The attackers on Wednesday broke down the door of El Aliviane center in Ciudad Juarez, lined up their victims against a wall and opened fire, said Arturo Sandoval, a spokesman for the regional prosecutors’ office. At least five people were injured.
Authorities had no immediate suspects or information on the victims. Ciudad Juarez, across the border from El Paso, Texas, is Mexico’s most violent city, with at least 1,400 people killed this year alone.
I can’t quite figure out the motivation for gunning down people in rehab. Usually these cartels are targeting police, federal officials, and rival cartels. Maybe some of the people in the rehab were formerly involved with the cartels and trying to “go straight”. It’s a shame – “duck and cover” isn’t usually covered in the Twelve Steps.
Gunmen killed the No. 2 security official and three other people in Calderon’s home state of Michoacan, where the government is locked in an intensifying battle with the ruthless La Familia cartel, blamed for a string of assassinations of police and soldiers.
Jose Manuel Revuelta, who was promoted less than two weeks ago to state deputy public safety director, is the highest-ranking government official killed in the wave of assassinations sweeping Michoacan, the cradle of La Familia drug cartel.
Attackers drove up alongside Revuelta as he headed home and opened fire, state Attorney General Jesus Montejano said.
Revuelta tried to speed away, but only made it a few blocks before he was intercepted by two vehicles.
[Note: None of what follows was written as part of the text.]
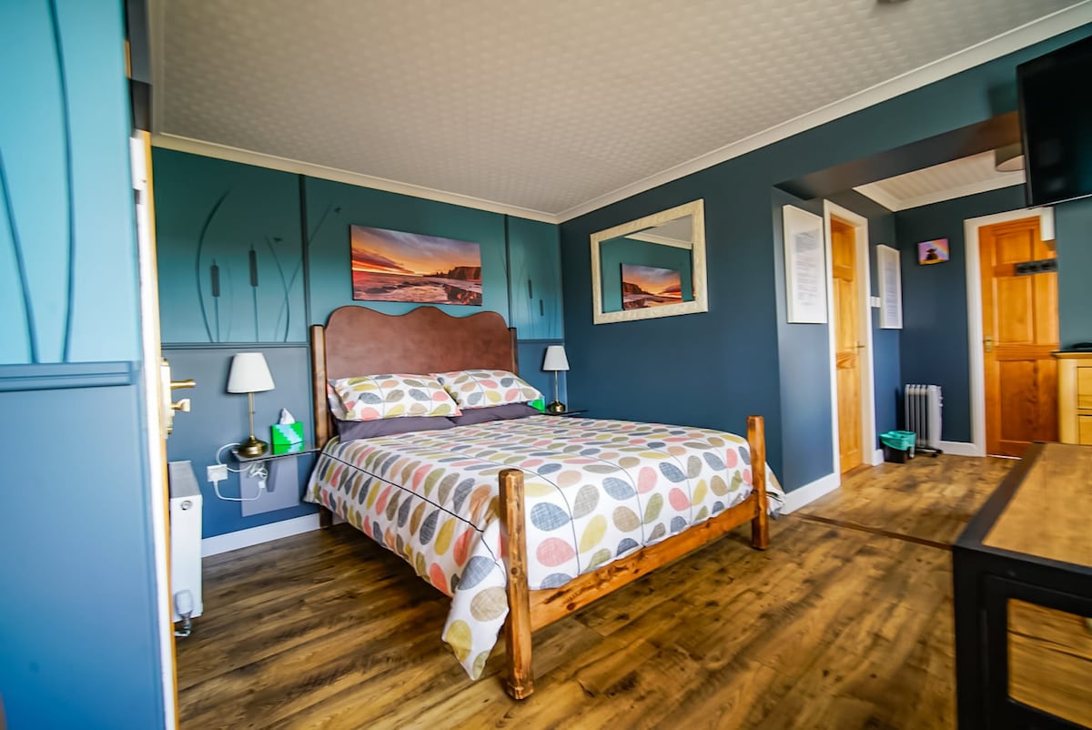 El dormitori «king size» es troba a la planta baixa amb vistes a Thurso Bay i Dunnet Head. Dins de l'habitació hi ha armaris encastats, punts de càrrega i cafetera i nevera. A l'habitació se serveix un esmorzar continental. La nostra casa està situada a sobre del port de Scrabster, a 15-20 minuts a peu del ferri Orkney. Si ho prefereixes, és un allotjament fantàstic si estàs treballant a la zona o explorant Caithness. Si passes per la NC500, és ideal com a punt de parada

Six gunmen got out and sprayed Revuelta’s car with bullets, killing him, two bodyguards and a truck driver caught in the crossfire, Montejano said.
Sounds like a scene from a Hollywood movie, but this is the reality many Mexicans live with every day. Just like Chicagoans in the 1920s.
Calderon first launched his crackdown against drug cartels in Michoacan, sending thousands of federal police and soldiers to his home state after taking office in late 2006. Tens of thousands more have since been deployed to drug hotspots across Mexico.
Drug gang violence has since surged, claiming more than 13,500 lives, including more than 1,000 police officers.
Calderon defended his battle against drug trafficking in a speech to Congress on Wednesday. He said the government has taken on the cartels as no previous Mexican administration has dared to do.
“As never before, we have weakened the logistical and financial structure of crime,” the president told legislators.
You might say we’ve “turned a corner” in battling the cartels and that the insurgency is in “its last throes”, huh, Mr. Cheney… er, Calderon? That’s the problem with putting a medical issue in the hands of warriors – war is their justification, not public health. Is the violence subsiding or are there fewer people using drugs? Great, that means the Drug War is working, let’s keep at it. Is the violence increasing or are there more people using drugs? That must mean we’re not fighting the Drug War hard enough, let’s redouble our efforts. Never can it be uttered that perhaps the Drug War itself is the problem, for it is always drugs that are the problem and war is the only solution.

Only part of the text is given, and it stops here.